Flexible electronics

High-frequency transistors

Logic transistor



Optical modulator

Mode-locked laser/THz generator

Optical polarization controller

Composite materials, paints, and coating

Energy generation and storage

Graphene for sensors and metrology


You can get more details about the article from the Oct. 11, 2012 news release from the University of Manchester,

The authors estimate that the first graphene touchscreen devices could be on the market within three to five years, but will only realise its full potential in flexible electronics applications.

Rollable e-paper is another application which should be available as a prototype by 2015 – graphene’s flexibility proving ideal for fold-up electronic sheets which could revolutionise electronics.

Timescales for applications vary greatly upon the quality of graphene required, the report claims. For example, the researchers estimate devices including photo-detectors, high-speed wireless communications and THz generators (for use in medical imaging and security devices) would not be available until at least 2020, while anticancer drugs and graphene as a replacement for silicon is unlikely to become a reality until around 2030.
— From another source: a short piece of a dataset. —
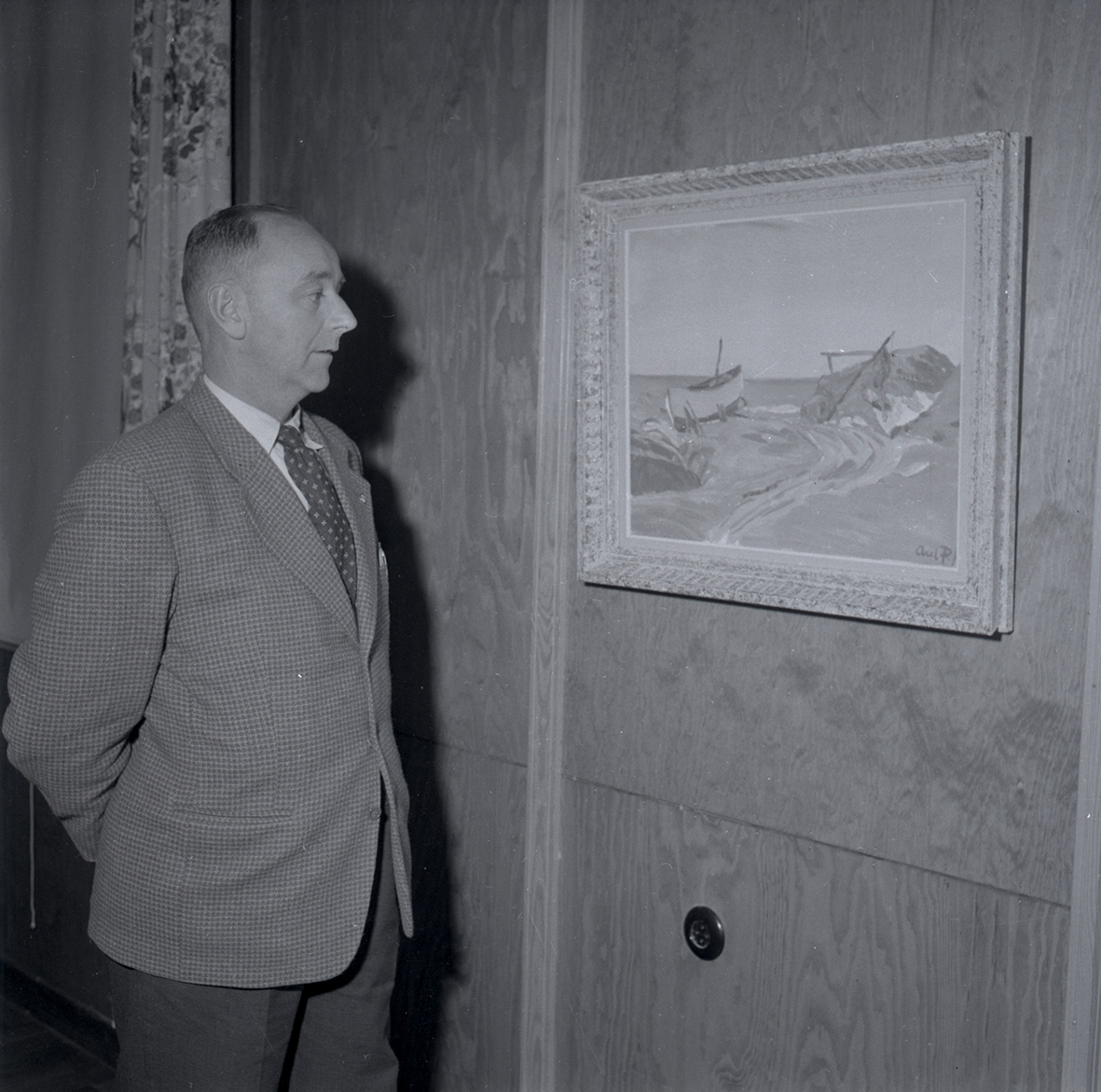Troligen Karl Viktor Herbert Prim 1910-1998 som står och tittar på en tavla. Bild ifrån nybyggda godtemplargården i Borgholm.

I notice the lead authors are from the University of Manchester and Lancaster University. These UK educational institutions are part of the FET (Future and Emerging Technologies) GRAPHENE-CA flagship project, which is in competition for one of two prizes of 1B Euros for research. As I’ve noted previously in my Feb. 21, 2012 posting and many others, the UK is leading a tremendous public relations/marketing campaign on behalf of this project and the UK’s own interests. Good luck to them as I believe the announcement of which are the two winning projects from a field of six should be made in the next few months.

The current international infatuation with roadmaps sometimes reminds me of The Wizard of Oz and the Yellow Brick Road,

I always appreciate the optimism shown by the lead character, Dorothy, as she takes off for parts unknown.